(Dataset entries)
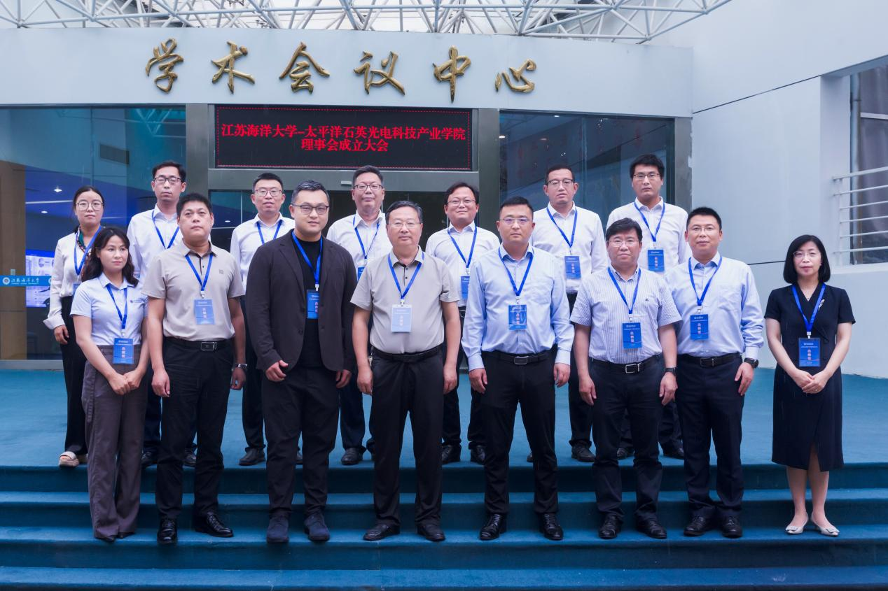 最后,全体与会人员在会议中心大门口合影留念。此次大会的召开,旨在推动校企合作,共谋发展,标志着江苏海洋大学与江苏太平洋石英股份有限公司在人才培养、科学研究等方面的合作迈出了新步伐,希望以产业学院为共建基地,为光电科技领域培养更多高素质人才,为光电科技产业发展注入新的活力。
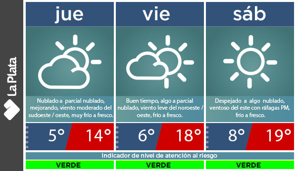 La Direccion de Hidrometeorología de la Municipalidad de La Plata confirmó que será una jornada parcialmente nublada tras el miércoles lluvioso y la tormenta en la Ciudad. Además se señaló que seguirá la baja temperatura, ya que producirá una mínima de 5 grados y máxima de 14.
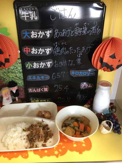 本日の給食は、ごはん、鶏肉のたつたあげ、あつあげと野菜の煮もの、おかかなっ葉、牛乳でした。
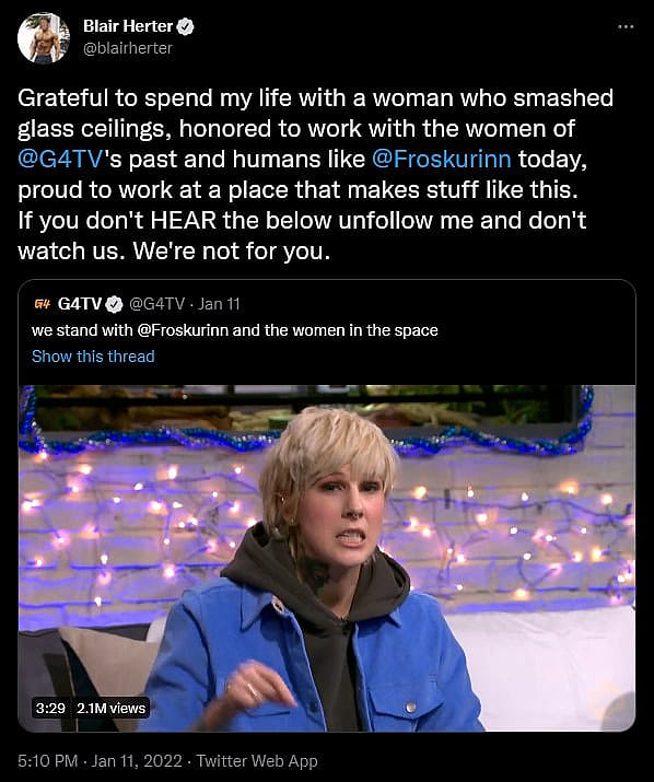 “Grateful to spend my life with a woman who smashed glass ceilings, honored to work with the women of @G4TV’s past and humans like @Froskurinn today, proud to work at a place that makes stuff like this,” wrote Herter on January 12th, retweeting G4’s clip of Frosk’s attack against her audience. “If you don’t HEAR the below unfollow me and don’t watch us. We’re not for you.”
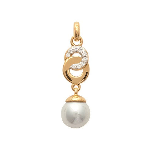 Pendentif en plaqué or, oxyde de zirconium et perle d'imitation.
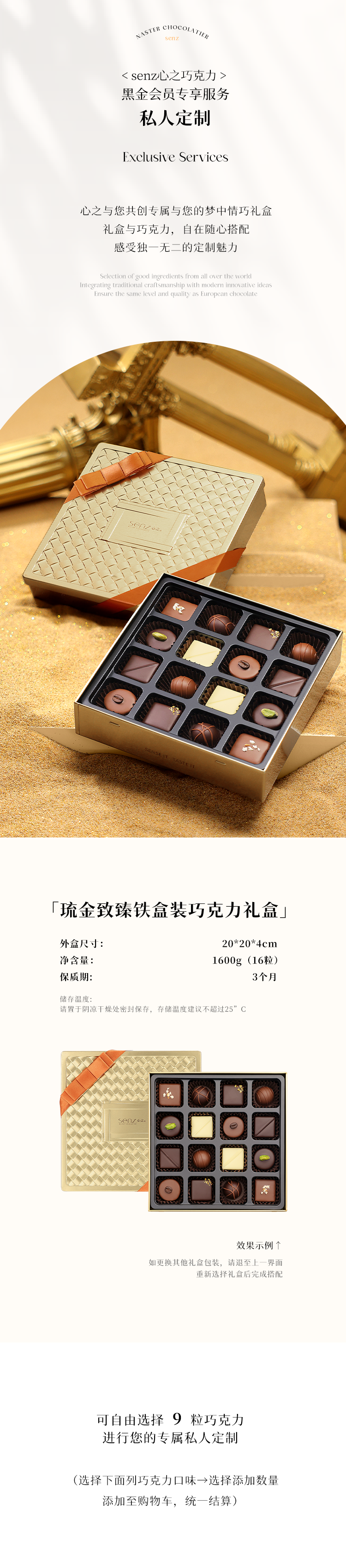 心之SENZ【琉金致臻】9粒手工甘纳许夹心巧克力礼盒
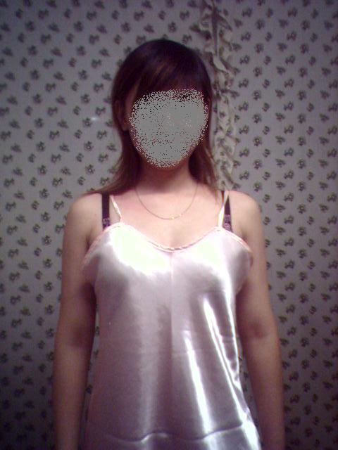 絲質睡衣,幾乎完全透明的,如果裡面沒穿內衣,肯定可以看到乳頭。
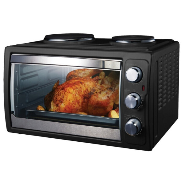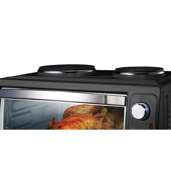 WILLMARK WHO-512B выполнена в стильном дизайне черного цвета с декоративными элементами из нержавеющей стали. Данная модель объединила в себе мощный и вместительный духовой шкаф, а также плиту с чугунными конфорками. WILLMARK WHO-512B идеально подойдет для эксплуатации в малогабаритных помещениях и станет незаменимой помощницей на вашей кухне. С помощью поворотных переключателей вы можете легко регулировать степень нагрева духового шкафа и чугунных конфорок. Температура в камере регулируется от 90 до 230 C. Мощность духового шкафа 1500Вт, а конфорок 800 и 1200Вт. Объем в 45 литров позволит приготовить ужин даже на большую семью, а благодаря мощным нагревательным элементам в духовом шкафу это не займет много времени. Таймер обратного от счета, рассчитанный на 90 минут, позволит не отвлекаться на готовку, а посвятить это время другим заботам.
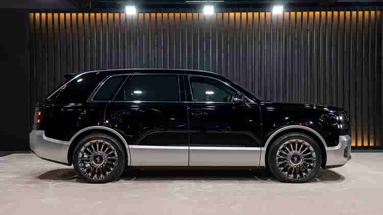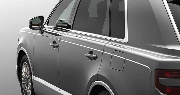 为了展示豪华感,新车使用了双色涂装方式,不过与传统双色涂装不同,世纪SUV双色涂装分割线是裙线,而传统双色车身的分割线是腰线,例如迈巴赫S级。
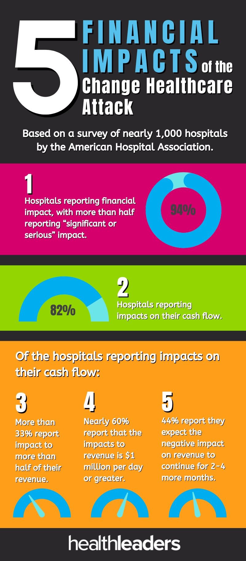 Here’s a look at five numbers that illustrate the financial impact of the attack, based on survey responses from nearly 1,000 hospitals collected by the American Hospital Association:
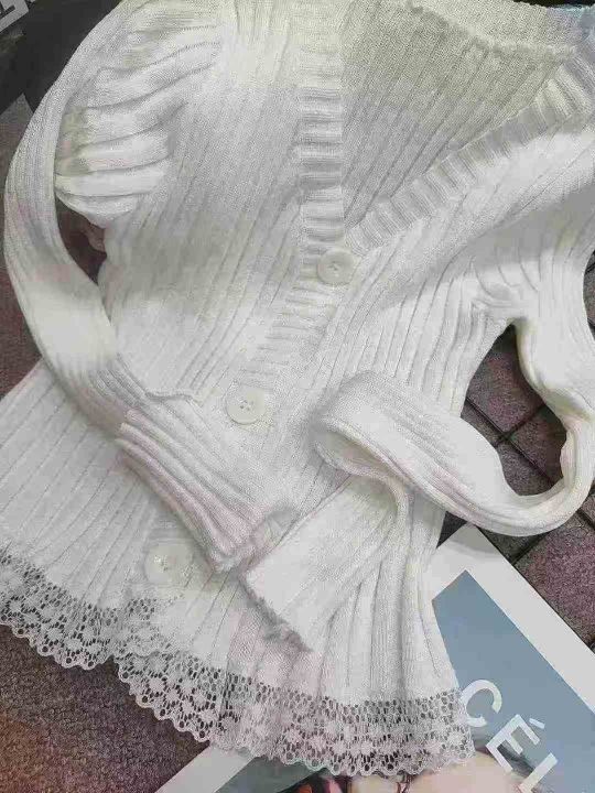 韩版2025chic长袖针织开衫女装外套毛衣春秋新款修身蕾丝边开衫,独立包装,均码,950件左右,清7.8,分➕1

WHAT IS REQUIRED: In the answer, give only the lines from the top of the data above through the line with "本日の給食は、ごはん、鶏肉の", reproduced exactly; no picture may appear.

THE ANSWER:
 最后,全体与会人员在会议中心大门口合影留念。此次大会的召开,旨在推动校企合作,共谋发展,标志着江苏海洋大学与江苏太平洋石英股份有限公司在人才培养、科学研究等方面的合作迈出了新步伐,希望以产业学院为共建基地,为光电科技领域培养更多高素质人才,为光电科技产业发展注入新的活力。
 La Direccion de Hidrometeorología de la Municipalidad de La Plata confirmó que será una jornada parcialmente nublada tras el miércoles lluvioso y la tormenta en la Ciudad. Además se señaló que seguirá la baja temperatura, ya que producirá una mínima de 5 grados y máxima de 14.
 本日の給食は、ごはん、鶏肉のたつたあげ、あつあげと野菜の煮もの、おかかなっ葉、牛乳でした。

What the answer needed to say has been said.